The dataset and additional information can be found on here. This also excel sheets along with its decision rules
Using the dataset, we developed a predictive model to assess credit risk. We compared various models and different algorithms and shortlisted the most appropriate algorithm for prediction depending upon the accuracy. We have also created a prototype of an interactive interface that sales representatives in a bank/credit card company can use to decide on accepting or rejecting applications.

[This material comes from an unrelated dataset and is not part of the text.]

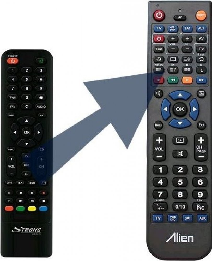 Ovladač ALIEN 4v1 lze naprogramovat až na 4 přístroje. Znamená to, že můžete jedním ovladačem ovládat současně satelitní přijímač, televizor nebo třeba DVD. Chcete-li objednat ovladač naprogramovat ještě další zařízení, napište nám do objednávky do poznámky přesný typ zařízení dálkového ovládání vašeho zařízení.

Firstly, we see the percentage of pf -7, -8, -9 of the total rows. We drop the rows containing special values such as -9. As we have a significant number of values of -7 & -8, dropping those values would result in less number of datapoints which would result in in accurate evaluation of our models. Besides, if we take average of these special values, it would result in complete change of original meaning of these values. Hence, we could not move forward with same. Thus, post initial research we can say that the special values -7, -8 does have certain relevance in order to arrive at our results. Further, we separated Independent (X) variables from Independent Variables (Y). We considered all the variables except RiskPerformance as an independent variables and Risk Performance was the predicted variable.

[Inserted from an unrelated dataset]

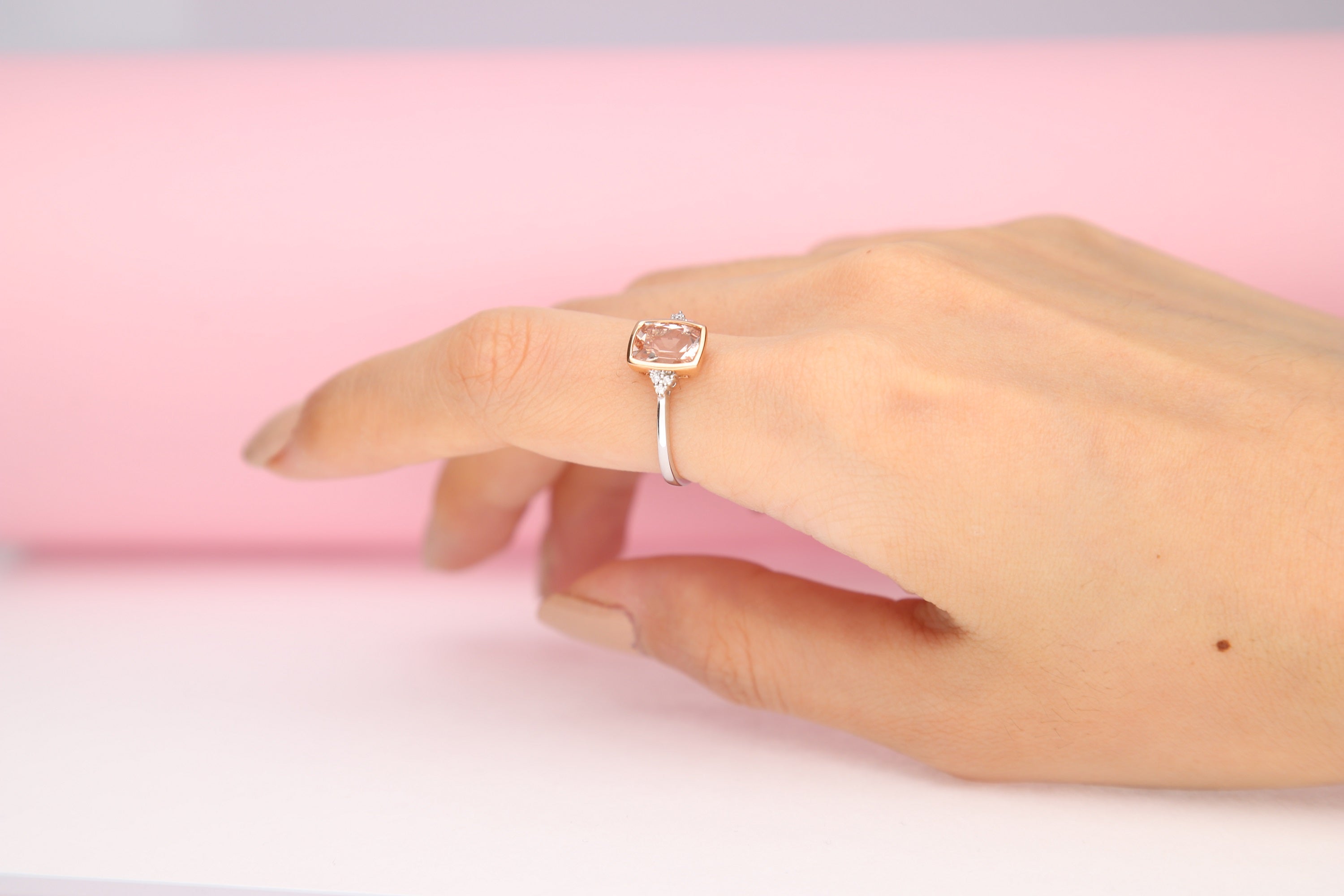 Stunning, timeless and classy eternity Unique Ring. Decorate yourself in luxury with this Gin & Grace Ring. The 14K Two Tone Gold jewelry boasts Cushion-Cut Prong Setting Genuine Morganite (1 pcs) 1.28 Carat, along with Natural Round cut white Diamond (6 Pcs) 0.04 Carat, accent stones for a lovely design. This Ring is weight 2.40 grams. Crafted with 14K Two Tone Gold, this delicate Ring is polished to a high finish shine.

Post separation, we had reconstructed the variables Max Delqz Public’/ ‘Max Delq Ever’ using get_dummies and we were able to recreate Independent Variables. We do so because the category represents delinquency status and not all values are numeric. They are majorly categorical variables.

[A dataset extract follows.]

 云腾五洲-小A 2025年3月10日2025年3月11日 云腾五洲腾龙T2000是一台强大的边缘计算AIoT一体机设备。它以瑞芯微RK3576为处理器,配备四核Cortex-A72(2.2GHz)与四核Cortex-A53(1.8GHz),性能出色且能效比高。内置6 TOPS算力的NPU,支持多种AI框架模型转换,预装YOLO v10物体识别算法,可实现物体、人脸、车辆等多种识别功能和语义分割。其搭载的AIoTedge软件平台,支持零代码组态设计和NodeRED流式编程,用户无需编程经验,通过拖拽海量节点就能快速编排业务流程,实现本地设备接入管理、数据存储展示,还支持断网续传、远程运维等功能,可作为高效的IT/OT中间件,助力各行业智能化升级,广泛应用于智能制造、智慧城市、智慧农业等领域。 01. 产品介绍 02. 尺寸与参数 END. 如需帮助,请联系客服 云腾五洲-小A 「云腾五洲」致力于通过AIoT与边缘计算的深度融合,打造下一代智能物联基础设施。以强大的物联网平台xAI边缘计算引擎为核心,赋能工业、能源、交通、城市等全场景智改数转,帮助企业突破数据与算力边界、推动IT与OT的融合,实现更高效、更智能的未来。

We used various models to create prediction and followed by certain parameters such RSME and accuracy to evaluate these models. Some of the models included SVM, Logistic Regression KNN, Gaussian, Decision Tree classifier, Random Forest, Ada Boost classifier. We had evaluated these models on the lines of methods we learned during our classes. We had splitted the data set into training and testing data on a loose ratio of 75:25 split.
Moving forward, we used Hyper parameter tuning using GridSearch CV in order to find the best model among all. We created data frame which containing each of the model. Post this, we calculated the values of Root Mean Square error, accuracy, recall, precision and CV score to choose the best model having best accuracy and least error.
Lastly, we summarized the whole models and checked the value of best model
As we see from below, the accuracy of Ada Boost is highest which is 0.7287 and that the RMSE is the the lowest which is 0.520855 among other models. We also took into consideration Precision and Recall for arriving at better results.
An interface was developed using in order to represent respective models. We did data cleaning using pipeline and stream lit package for the interface.
We can input the row of information in the dataset using the side bars or the user can select the one of the rows in the data frames to make the prediction.